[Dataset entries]
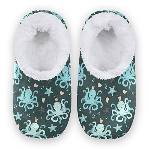 Naanle - Pantofole da donna in memory foam con disegno a forma di polipo, in pile caldo, con suola in gomma antiscivolo, (Multicolore), 37/38 EU
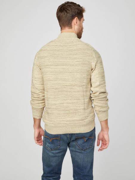 Confecționat Dintr-o Tricot Maro, Acest Pulover Cu Fermoar Are Gât Fals, Plasture Cu Logo în Față și Buzunare Laterale.
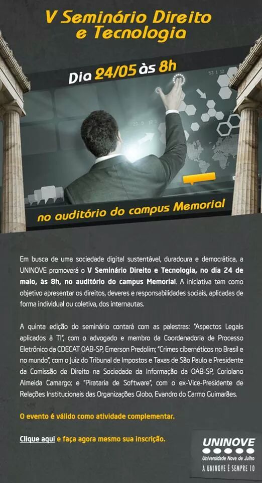 Coriolano Almeida Camargo, do escritório Almeida Camargo Advogados, palestrará amanhã durante o "V Seminário Direito e Tecnologia", na Universidade Nove de Julho - UNINOVE. (Clique aqui)
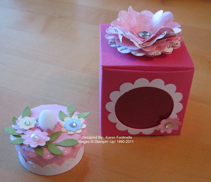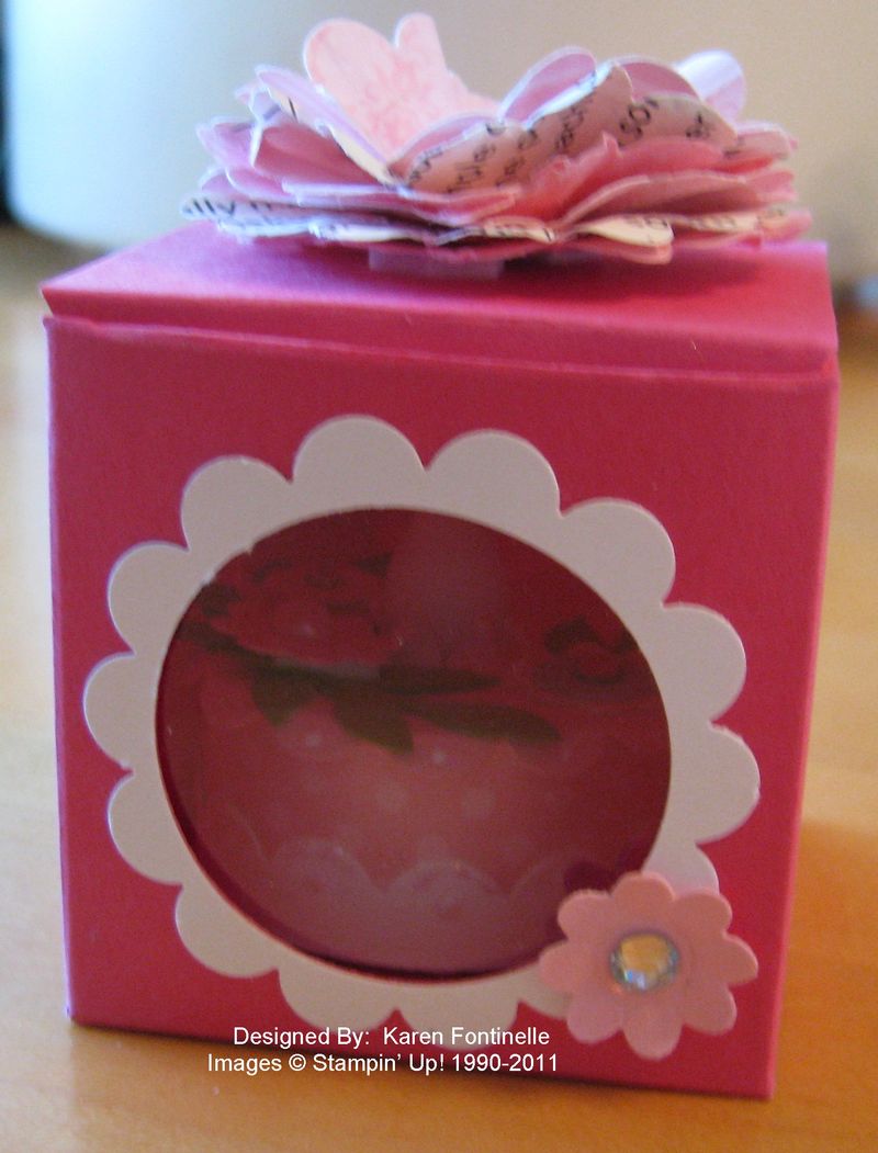 Thanks for visiting my blog! I have sent you an email with photos, but basically I think the box is called a “2-4-6-8″ box because that is how you score your paper. Start with a 8 1/2″ x 6 1/2″ paper. Score on the long side 2″, 4″, 6″ and 8″. Turn the paper the other way and score at 2″, 4″, and 6”. You will use a 1 3/8″ Circle Punch for the window in the side of the box. Once you know how to make a basic box, you can probably adjust it for any size you need.
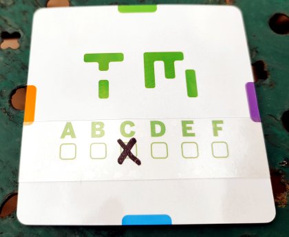 Le jeu présente un petit défaut. Il faut cocher sur la carte réponse la lettre correspondant à la question de la machine. Mais comme il s'agit de feutre effaçable et que les cartes sont prises en main, il est fréquent que la coche disparaisse. Pour palier ce souci, nous avons ajouté au matériel de jeu six petits manchons transparents sur lesquels une croix indélébile a été tracée. Il suffit d'enfiler le manchon en début de partie pour ensuite jouer tranquillement.
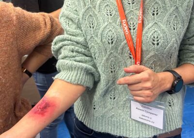 El taller continuó por la tarde, donde el protagonismo lo tuvo un emocionante Scape Room, organizado con la inestimable colaboración de ELSEVIER. Esta actividad permitió a los estudiantes explorar nuevas metodologías para integrar la simulación en la formación de profesionales sanitarios. Posteriormente, los participantes rotaron por tres talleres simultáneos sobre temas clave: pacientes estandarizados/expertos, tipos de simuladores y moulage (la creación de efectos especiales realistas).
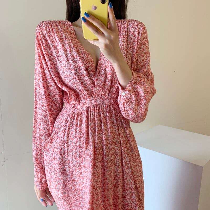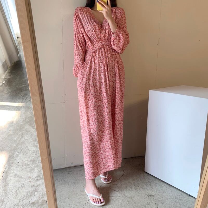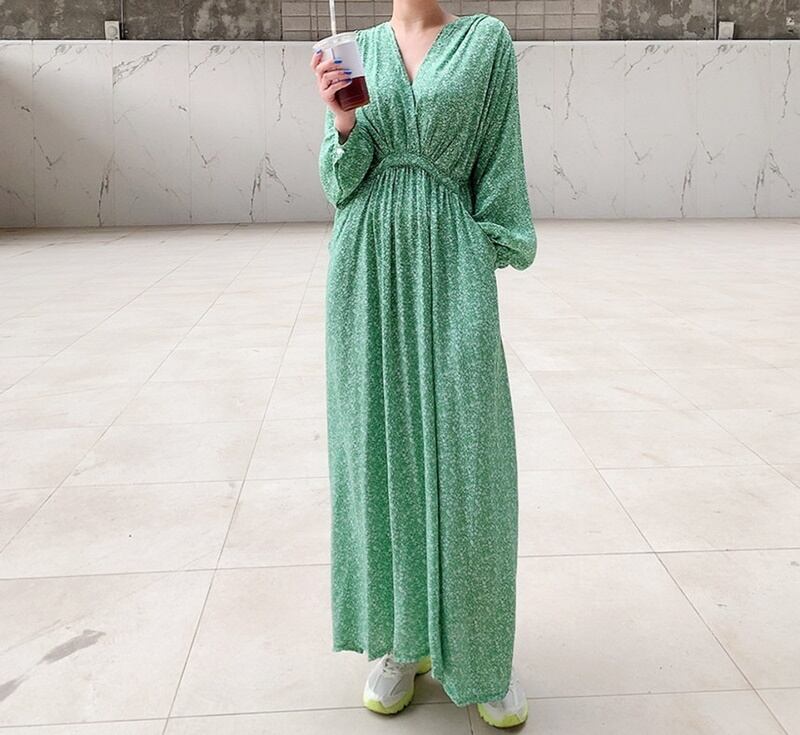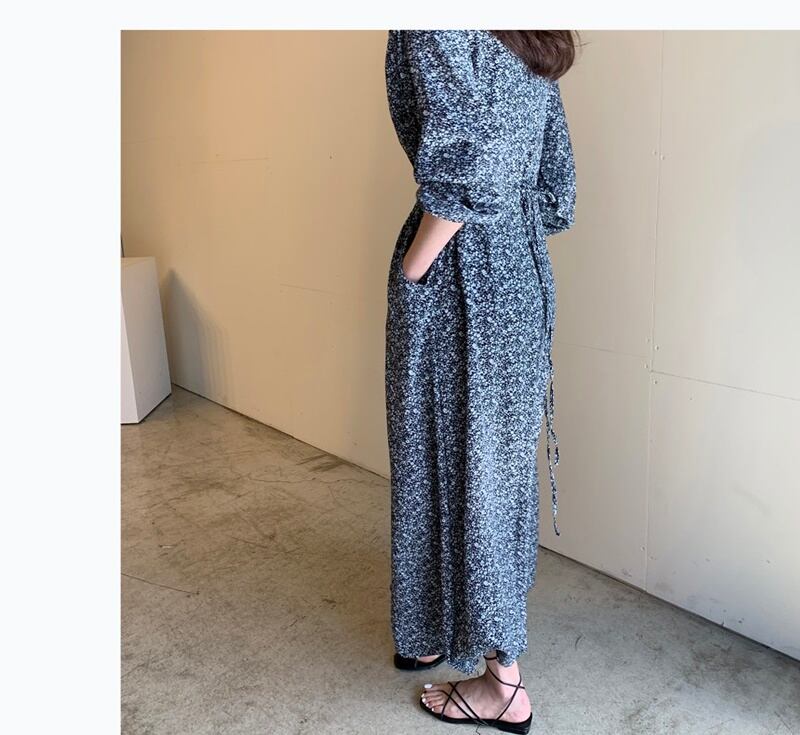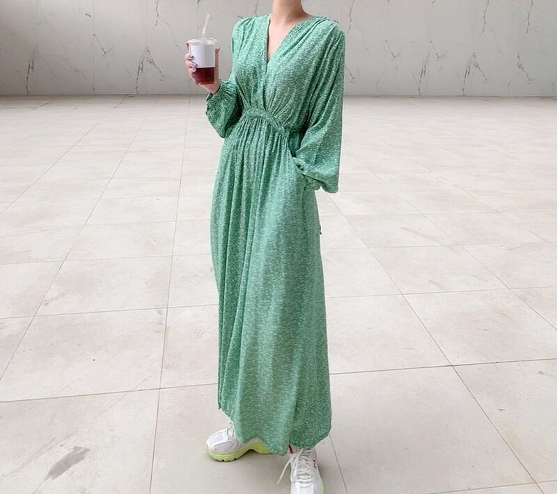 3カラー 花柄 Vネック カシュクール 長袖 ワンピース *on605
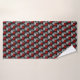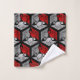 Toalla colocada en un patrón clásico de kimono japonés de grúas estilizadas, dispuestas en un patrón de hexágonos, en rojo profundo, gris claro y medio / gris, sobre un fondo negro
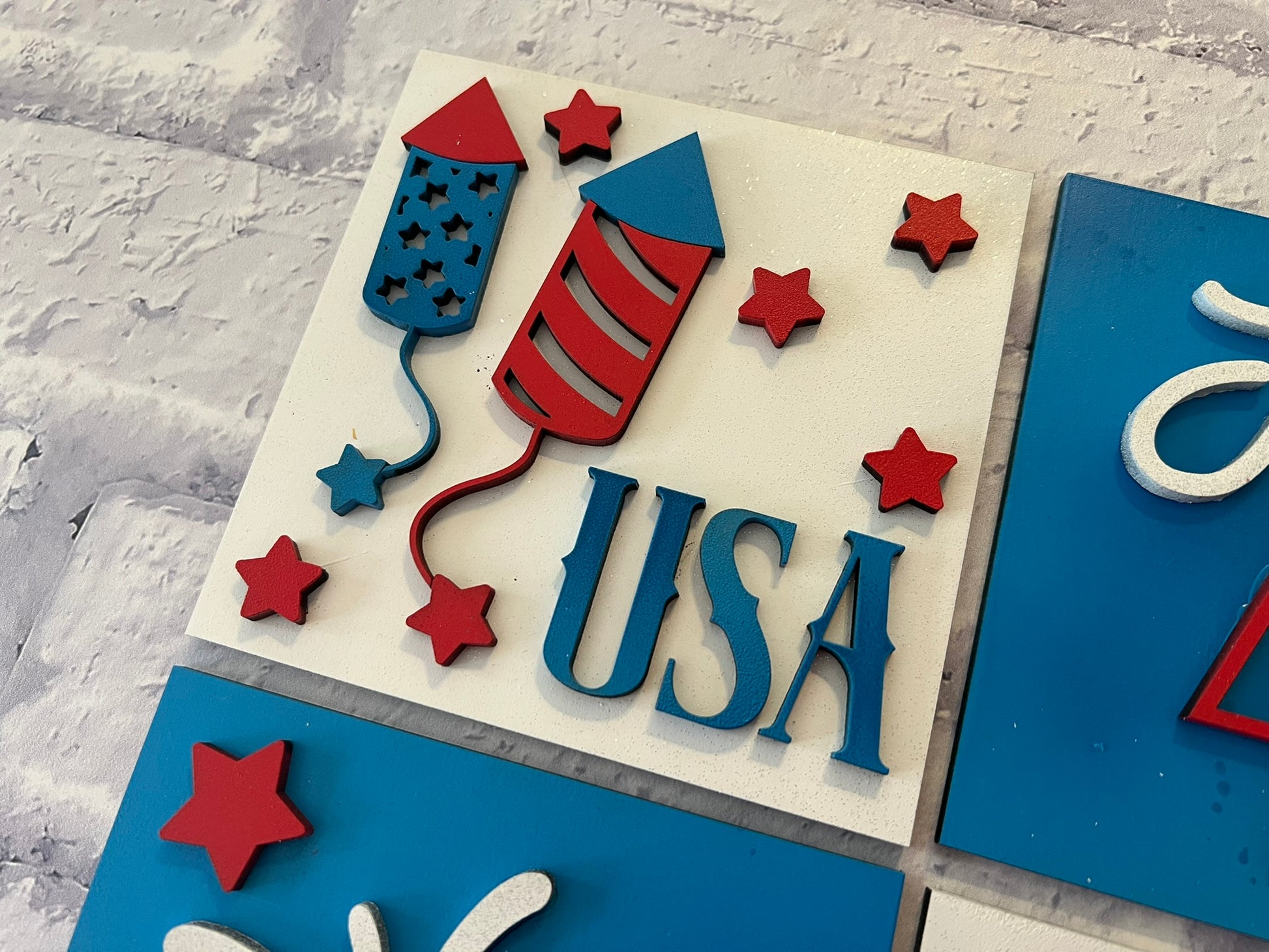 Boho style meets patriotic flair! Decorate your interchangeable sign holder with this fun and festive 4th of July tile set.
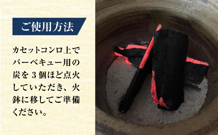 ご使用の際には、カセットコンロ上でバーベキュー用のすみを3個ほど点火していただき、火鉢に移して頂ければ簡単にバーベキューの準備が出来ます。

**Try it:** Starting at the line that contains "El taller continuó", retype each line through the end of the data exactly, and leave out every picture.

**Solution:**
 El taller continuó por la tarde, donde el protagonismo lo tuvo un emocionante Scape Room, organizado con la inestimable colaboración de ELSEVIER. Esta actividad permitió a los estudiantes explorar nuevas metodologías para integrar la simulación en la formación de profesionales sanitarios. Posteriormente, los participantes rotaron por tres talleres simultáneos sobre temas clave: pacientes estandarizados/expertos, tipos de simuladores y moulage (la creación de efectos especiales realistas).
 3カラー 花柄 Vネック カシュクール 長袖 ワンピース *on605
 Toalla colocada en un patrón clásico de kimono japonés de grúas estilizadas, dispuestas en un patrón de hexágonos, en rojo profundo, gris claro y medio / gris, sobre un fondo negro
 Boho style meets patriotic flair! Decorate your interchangeable sign holder with this fun and festive 4th of July tile set.
 ご使用の際には、カセットコンロ上でバーベキュー用のすみを3個ほど点火していただき、火鉢に移して頂ければ簡単にバーベキューの準備が出来ます。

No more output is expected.